Please output exactly the lines below, starting at the line that has "Caja Cuadrada de" and ending at the line that has "3/27(日)朝9時開店 ※8時30分入場抽選実施予定", both included; leave out all pictures and include nothing else.

Input data START

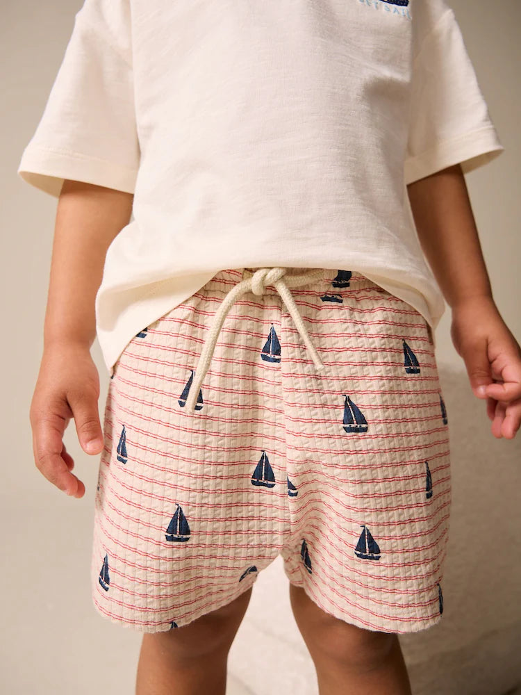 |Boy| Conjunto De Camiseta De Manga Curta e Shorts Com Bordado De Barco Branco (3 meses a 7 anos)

Input data END
Input data START

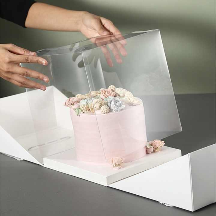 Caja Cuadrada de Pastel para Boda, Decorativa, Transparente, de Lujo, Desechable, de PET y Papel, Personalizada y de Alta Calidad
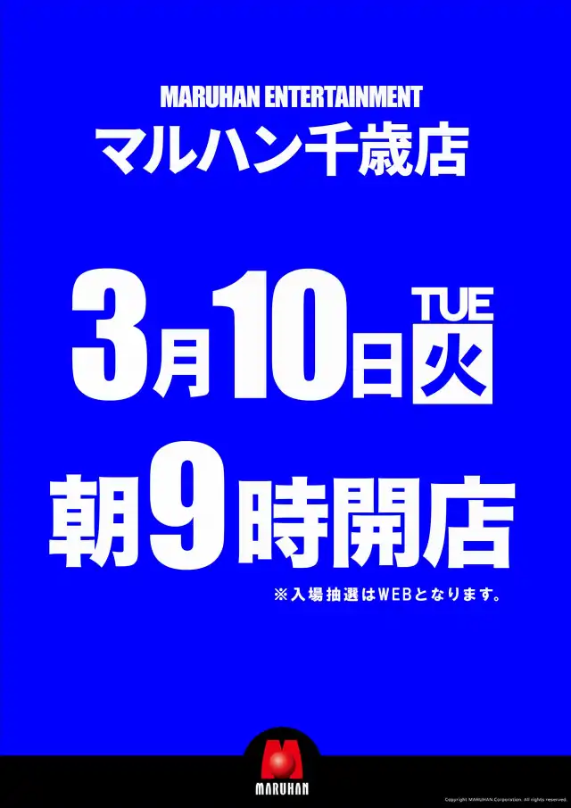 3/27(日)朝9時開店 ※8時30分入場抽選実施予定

Input data END

- _Output for this task_:
 Caja Cuadrada de Pastel para Boda, Decorativa, Transparente, de Lujo, Desechable, de PET y Papel, Personalizada y de Alta Calidad
 3/27(日)朝9時開店 ※8時30分入場抽選実施予定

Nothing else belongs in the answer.